** About this exercise **
Reproduce verbatim the lines of the material below, starting at the line with "1年生/2年生/3年生/お知らせ/学校生活 「命を守るヘルメット着用促進グランプリ」の活動をしました! 2025年12月23日" and ending at the line with "Det här födelsedagskalenderkortet", both inclusive; skip the rest.
Records to use START
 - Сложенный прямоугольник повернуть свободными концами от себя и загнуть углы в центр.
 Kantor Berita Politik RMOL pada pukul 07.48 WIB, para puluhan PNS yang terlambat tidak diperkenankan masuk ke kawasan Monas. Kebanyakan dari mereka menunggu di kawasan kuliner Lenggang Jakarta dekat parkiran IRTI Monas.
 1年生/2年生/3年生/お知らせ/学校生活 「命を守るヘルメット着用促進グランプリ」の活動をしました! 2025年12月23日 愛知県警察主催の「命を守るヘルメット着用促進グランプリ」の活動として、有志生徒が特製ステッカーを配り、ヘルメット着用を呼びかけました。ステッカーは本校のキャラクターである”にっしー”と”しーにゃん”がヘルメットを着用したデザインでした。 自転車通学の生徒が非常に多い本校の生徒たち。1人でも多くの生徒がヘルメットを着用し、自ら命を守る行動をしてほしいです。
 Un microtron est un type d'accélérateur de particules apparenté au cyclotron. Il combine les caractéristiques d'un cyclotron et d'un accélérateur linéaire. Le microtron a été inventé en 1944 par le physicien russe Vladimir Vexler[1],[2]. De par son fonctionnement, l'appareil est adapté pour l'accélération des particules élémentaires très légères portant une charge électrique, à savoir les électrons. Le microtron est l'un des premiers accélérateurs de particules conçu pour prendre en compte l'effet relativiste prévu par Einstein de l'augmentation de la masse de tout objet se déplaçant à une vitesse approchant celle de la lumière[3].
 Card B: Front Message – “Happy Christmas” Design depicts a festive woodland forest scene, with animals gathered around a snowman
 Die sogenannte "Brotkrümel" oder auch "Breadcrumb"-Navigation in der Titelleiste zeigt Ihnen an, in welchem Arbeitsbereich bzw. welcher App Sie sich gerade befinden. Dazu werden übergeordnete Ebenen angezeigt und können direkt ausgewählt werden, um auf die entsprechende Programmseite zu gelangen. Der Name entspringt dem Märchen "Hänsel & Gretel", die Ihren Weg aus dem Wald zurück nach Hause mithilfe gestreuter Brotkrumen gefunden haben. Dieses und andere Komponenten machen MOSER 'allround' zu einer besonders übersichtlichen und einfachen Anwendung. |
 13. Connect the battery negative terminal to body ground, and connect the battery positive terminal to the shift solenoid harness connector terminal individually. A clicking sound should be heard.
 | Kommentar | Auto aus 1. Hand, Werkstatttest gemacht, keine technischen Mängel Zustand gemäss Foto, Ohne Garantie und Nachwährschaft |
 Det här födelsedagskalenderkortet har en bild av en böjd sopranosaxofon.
Records to use END
Records to use START
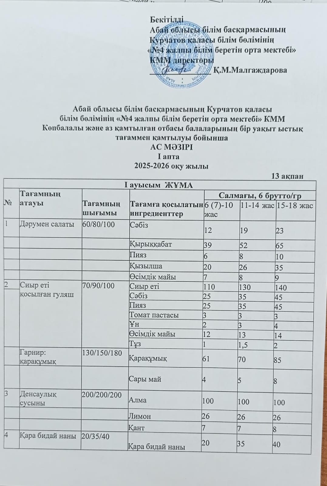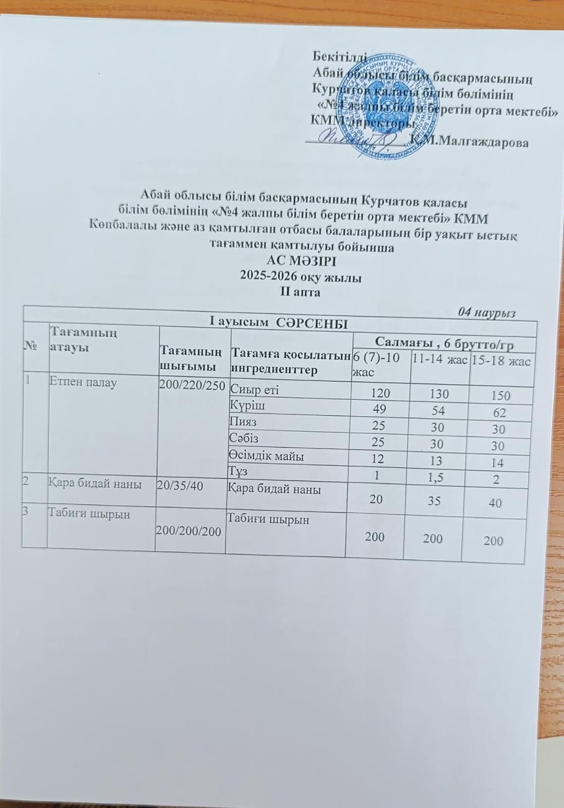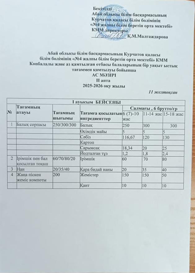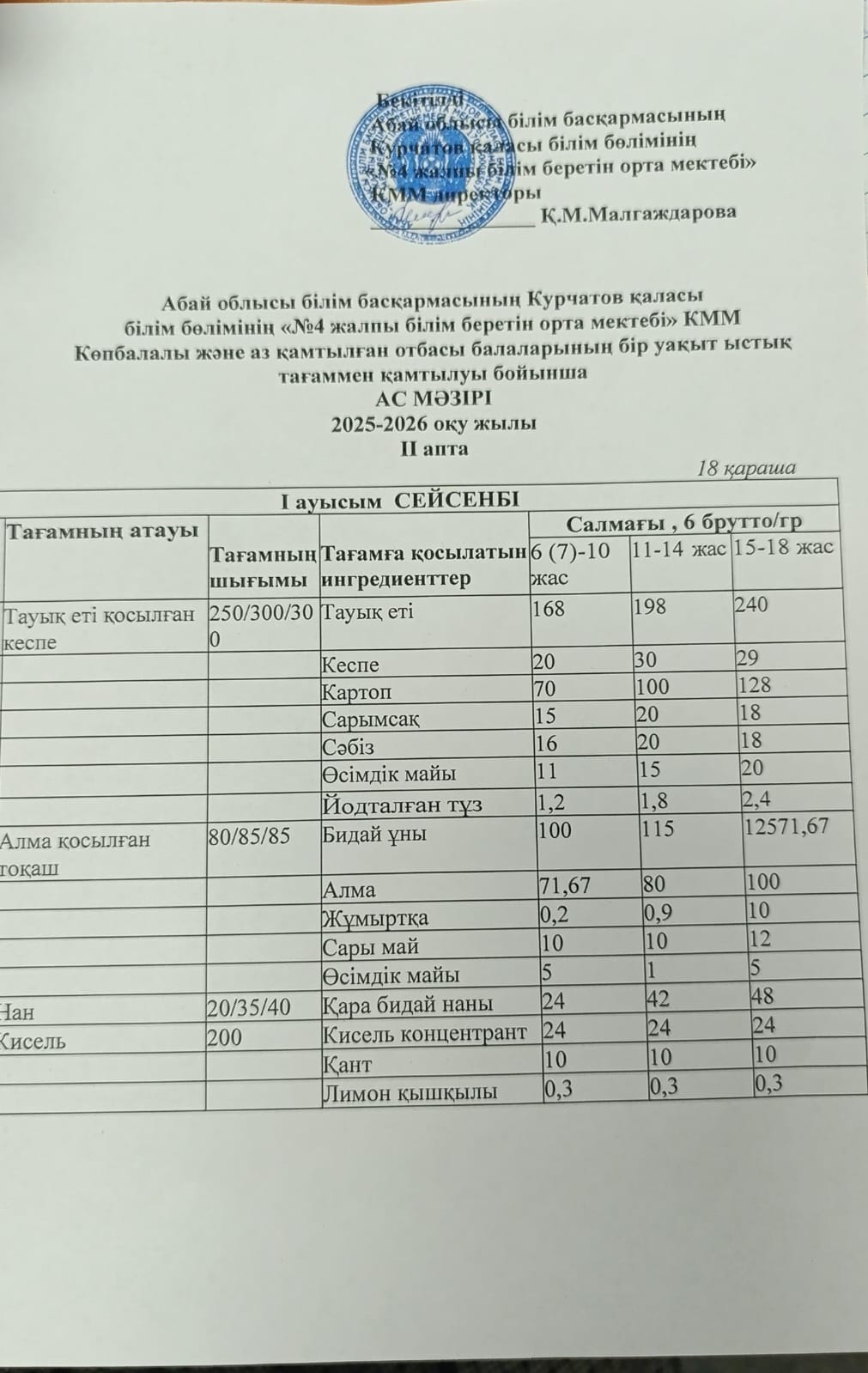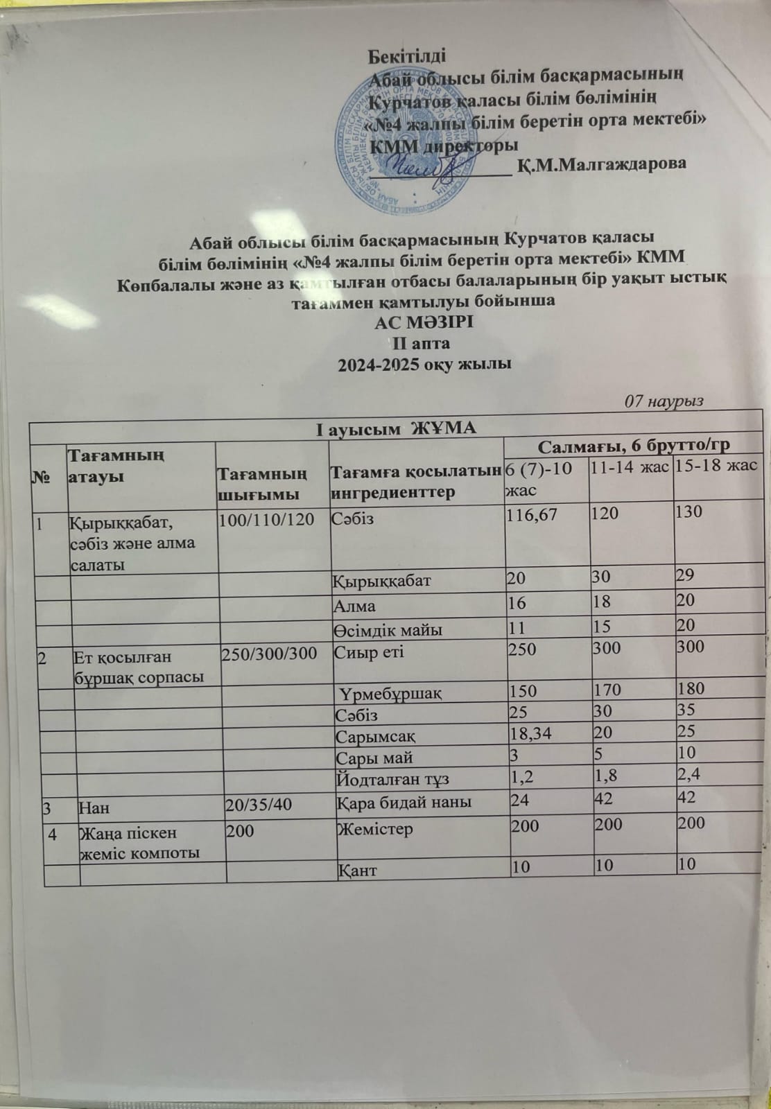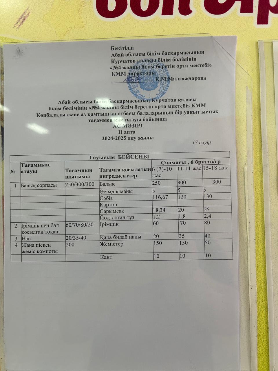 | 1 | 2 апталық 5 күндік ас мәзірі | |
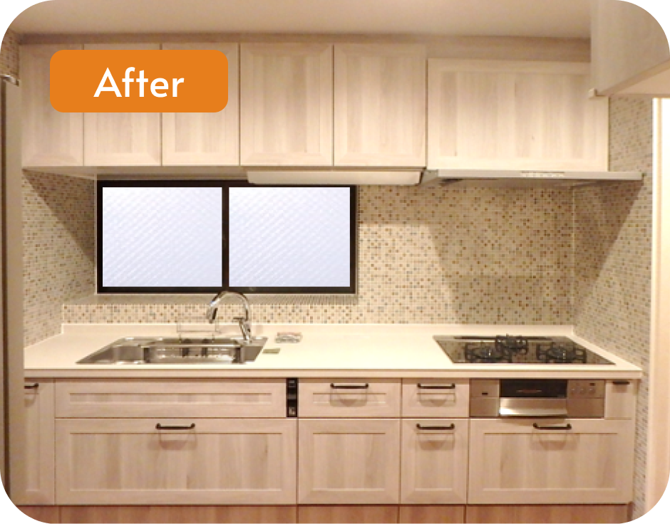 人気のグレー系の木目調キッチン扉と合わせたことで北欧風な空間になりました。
Records to use END
** Problem solution **
 1年生/2年生/3年生/お知らせ/学校生活 「命を守るヘルメット着用促進グランプリ」の活動をしました! 2025年12月23日 愛知県警察主催の「命を守るヘルメット着用促進グランプリ」の活動として、有志生徒が特製ステッカーを配り、ヘルメット着用を呼びかけました。ステッカーは本校のキャラクターである”にっしー”と”しーにゃん”がヘルメットを着用したデザインでした。 自転車通学の生徒が非常に多い本校の生徒たち。1人でも多くの生徒がヘルメットを着用し、自ら命を守る行動をしてほしいです。
 Un microtron est un type d'accélérateur de particules apparenté au cyclotron. Il combine les caractéristiques d'un cyclotron et d'un accélérateur linéaire. Le microtron a été inventé en 1944 par le physicien russe Vladimir Vexler[1],[2]. De par son fonctionnement, l'appareil est adapté pour l'accélération des particules élémentaires très légères portant une charge électrique, à savoir les électrons. Le microtron est l'un des premiers accélérateurs de particules conçu pour prendre en compte l'effet relativiste prévu par Einstein de l'augmentation de la masse de tout objet se déplaçant à une vitesse approchant celle de la lumière[3].
 Card B: Front Message – “Happy Christmas” Design depicts a festive woodland forest scene, with animals gathered around a snowman
 Die sogenannte "Brotkrümel" oder auch "Breadcrumb"-Navigation in der Titelleiste zeigt Ihnen an, in welchem Arbeitsbereich bzw. welcher App Sie sich gerade befinden. Dazu werden übergeordnete Ebenen angezeigt und können direkt ausgewählt werden, um auf die entsprechende Programmseite zu gelangen. Der Name entspringt dem Märchen "Hänsel & Gretel", die Ihren Weg aus dem Wald zurück nach Hause mithilfe gestreuter Brotkrumen gefunden haben. Dieses und andere Komponenten machen MOSER 'allround' zu einer besonders übersichtlichen und einfachen Anwendung. |
 13. Connect the battery negative terminal to body ground, and connect the battery positive terminal to the shift solenoid harness connector terminal individually. A clicking sound should be heard.
 | Kommentar | Auto aus 1. Hand, Werkstatttest gemacht, keine technischen Mängel Zustand gemäss Foto, Ohne Garantie und Nachwährschaft |
 Det här födelsedagskalenderkortet har en bild av en böjd sopranosaxofon.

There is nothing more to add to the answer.